Он любил эти грибные походы с отцом. Тот чувствовал себя в лесу естественно и, если не рассказывал и не обучал, обожал завалиться в высокую траву на спину, сунуть в рот кривую травинку и слушать тишину, смежив глаза и подставив лицо солнцу. Мальцов тихо ложился рядом. Худое жилистое тело отца, его впалые, изрезанные морщинами щеки, седая щетина и едва заметное синее углубление у виска – укус шрапнели, в котором пульсировала жизнь его сердца, наделены были той суровой красотой, от которой перехватывало дыхание.
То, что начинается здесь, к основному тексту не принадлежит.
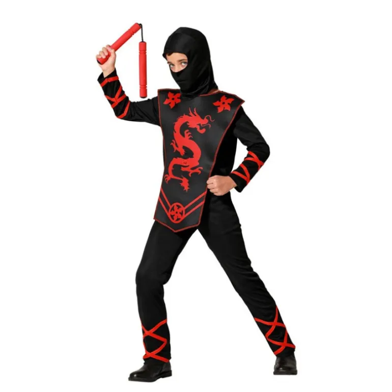 Conviértete en el héroe más audaz con este impresionante Disfraz de Ninja Dragón Rojo diseñado especialmente para niños. Este disfraz destaca por su llamativo diseño en negro y rojo, ideal para esas ocasiones especiales donde la imaginación no tiene límites.

В объявшем их вакууме тишины на Мальцова нисходило ликование и благодарность за то правильное, дополнительное место, что он занимал на лесной поляне, казавшейся тогда несомненным центром Вселенной…
Старые леса вокруг Василёва варварски спилили еще в девяностые, только кое-где на болотных останцах сохранились островки елей и сосен. Прежние дороги заросли, приходилось протискиваться сквозь кустарник и наросшие березки, обходить упавшие, гнилые деревья, ступая по лосиной тропе, сшибать палкой исполинскую крапиву и метелки неядовитого борщевика. Но грибы росли словно вопреки лесозаготовителям, собирать тут их было некому. Он набивал за два-три часа вместительную корзину выводками крепких белых и подосиновиков, похожих на гигантские спички с их непорочно белыми ножками, синеющими даже от самого робкого прикосновения, шагал домой, быстро обедал, а потом чистил и обрабатывал улов. К запахам солений в избе прибавился язвительный аромат уксусной эссенции и благоухание подсыхающих на печке грибов.
Заготовки занимали всё светлое время. Книги, что он привез, лежали неразобранные, Мальцов никак не мог сесть за работу. Нарезав по лесу шесть-семь километров, основательно вымотавшись и пропотев, к вечеру ощущал приятную усталость. Прогонял ее, обдавшись по пояс холодной водой, забирался в кровать. Почитав на сон грядущий старый детектив, он стал лучше засыпать. Грибной азарт вернул мышцам упругость и окончательно проветрил голову, вытеснив из нее праздное оцепенение. Он убеждал себя, что завтра начнет работать, но утром как заводной опять сбега́л в лес.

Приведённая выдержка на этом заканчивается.